Reviled by GOP right wing, McConnell should try — gasp! — working with Democrats
If the U.S. Senate were not almost evenly split, maybe Majority Leader Mitch McConnell and his Republicans could radically overhaul health care or rewrite the tax code all by themselves.
But, with a 52-48 edge and lots of internal discord, Republicans need Democrats to move any meaningful legislation. That’s the practical reality, as evidenced by the collapse of the latest Republican effort on health care, a collapse that most Americans welcomed.
There are other, even better reasons for McConnell to reach across the aisle and engage in — gasp! — bipartisanship:
▪ The end product will be better.
▪ Americans are sick of a Congress that seems incapable of accomplishing anything.
McConnell vows to repeal the Affordable Care Act someday but first wants tax reform. There are, however, urgent health-care matters that require bipartisan cooperation.
At risk are 27 million Americans — including about 175,000 Kentuckians — who buy their insurance on the individual market or are covered by the Children’s Health Insurance Program, plus many more who are partially covered by CHIP.
Happily, before everything was stopped to make way for the latest doomed ACA-repeal, Republicans and Democrats were working together to stabilize the individual market and fund CHIP which expires Sept. 30. They were working through committees — the “regular order” that McConnell once promised to restore. Sen. John McCain cited the flouting of Senate order — no hearings, debates or amendments — for his opposition which helped kill his party’s health-care bill.
Before that failed push, Finance chairman Republican Orrin Hatch and ranking Democrat Ron Wyden were closing in on a plan to fund CHIP for five years, while tapering off the program’s higher funding under the ACA. CHIP covers children and pregnant women from families whose earnings are too high for Medicaid. Without congressional action, Kentucky will run out of money for the program (known here as KCHIP) early next year. Also on Sept. 30, funding expires for HANDS, the voluntary home visitation program for new and expectant parents, while community health centers are due to lose 70 percent of their federal support.

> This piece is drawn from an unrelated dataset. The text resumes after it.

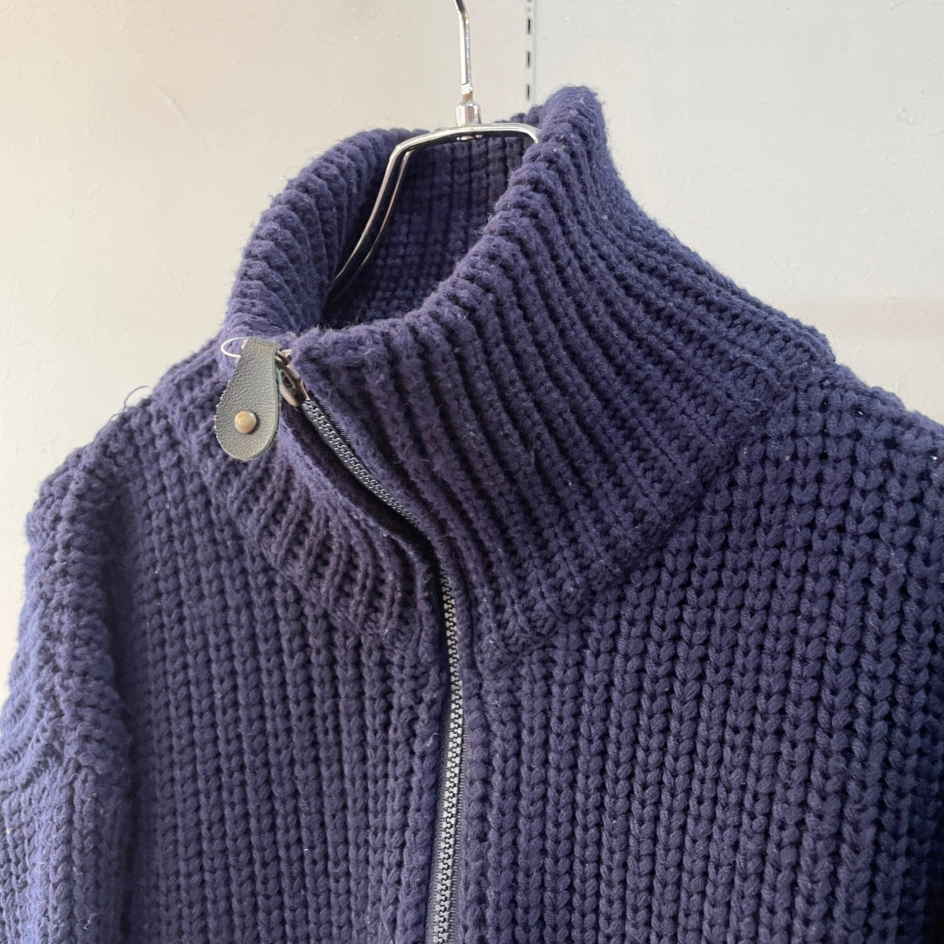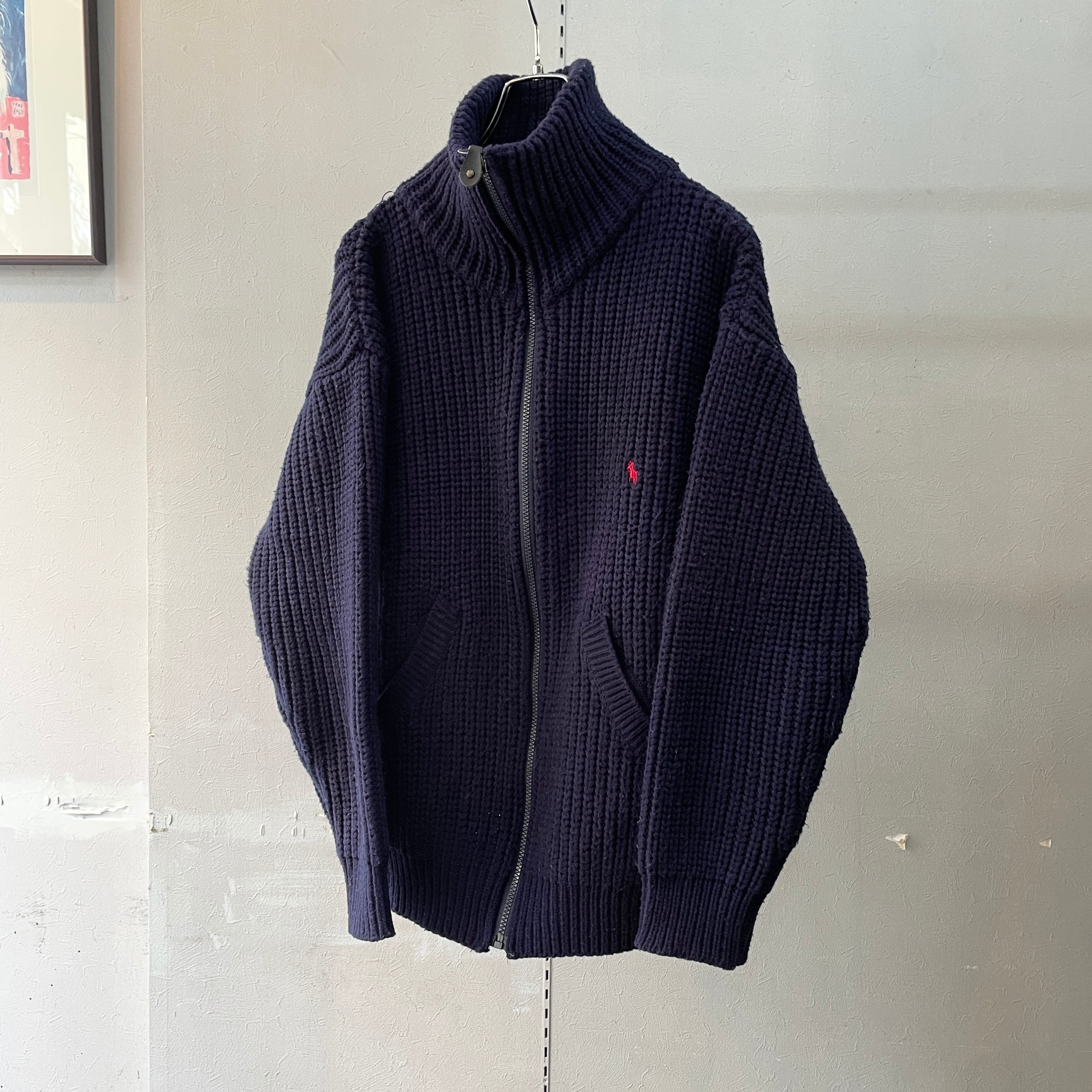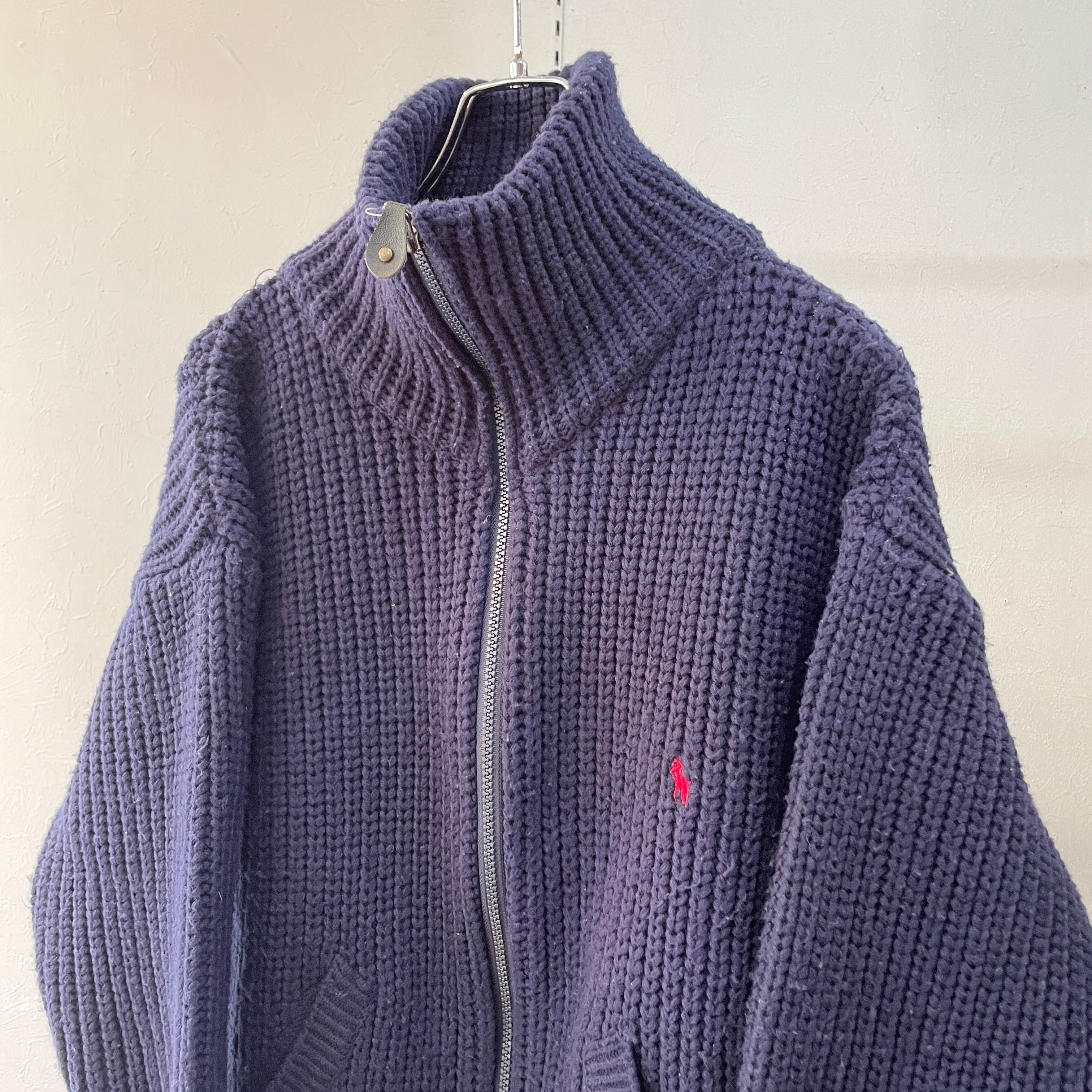 90s ラルフローレン ドライバーズニット コットンニット 畦編み 香港製 ネイビー L

In Health and Welfare, chairman Republican Lamar Alexander and ranking Democrat Patty Murray were planning how to protect 18 million Americans from premium increases. President Donald Trump, whose administration is doing everything it can to sabotage the individual market, seems to think people who can no longer afford health care in 2018 will blame the president who left office in 2017. Even if his political calculus is right, his callous indifference to the millions of people who would be hurt is wrong. Congress and Trump have an obligation to make the current system work for as many people as possible until they can muster the votes to create a new system.

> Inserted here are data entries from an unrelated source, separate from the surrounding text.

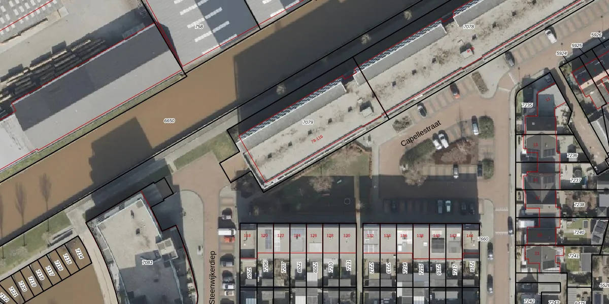 Capellestraat 100 is gelegen op kadastraal perceel SWK01E7079. Deze kadastrale aanduiding is uniek en wordt gebruikt door het Kadaster om eigendomsrechten en andere zakelijke rechten vast te leggen. Het perceel maakt onderdeel uit van de kadastrale gemeente Steenwijk.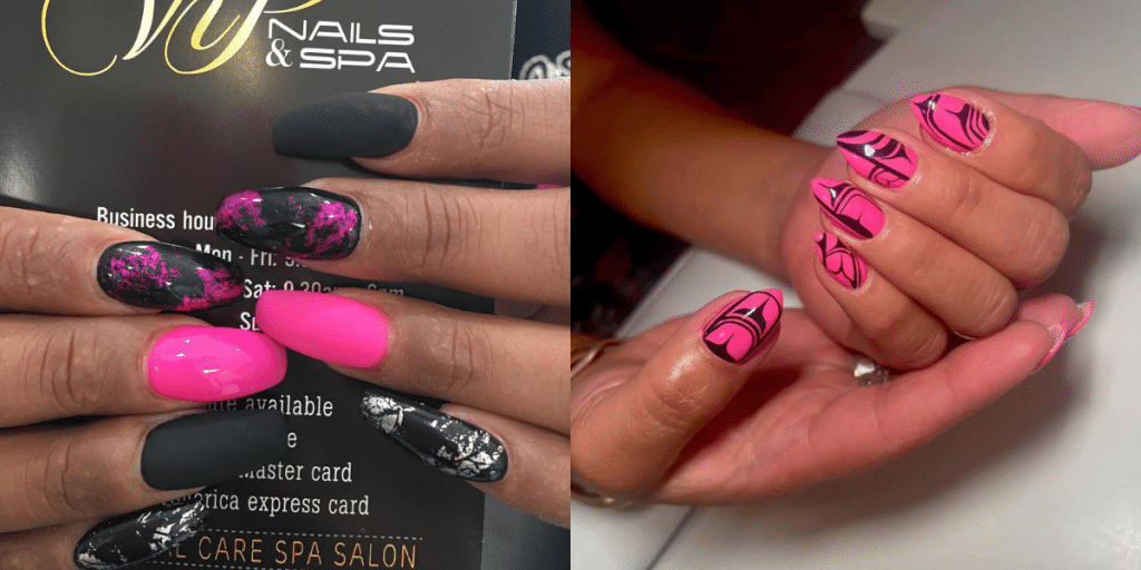 Looking for bold nails that grab attention instantly? π Pink and black together create a perfect mix of playful and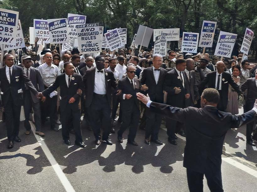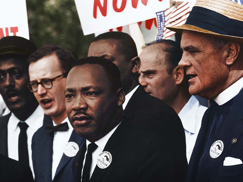 King in the March on Washington for Jobs and Freedom, in Washington, D.C., on Wednesday, August 28, 1963. The purpose of the march was to advocate for the civil and economic rights of Black Americans

Meanwhile, let’s remember that Senate traditions of bipartisan deliberation and compromise served the country well — until McConnell insisted on unrelenting Republican obstruction at the outset of Barack Obama’s presidency. McConnell, reviled now by right-wingers he once enabled and appeased, may find his only option is to move to the bipartisan middle. Conveniently, that’s also the right thing to do.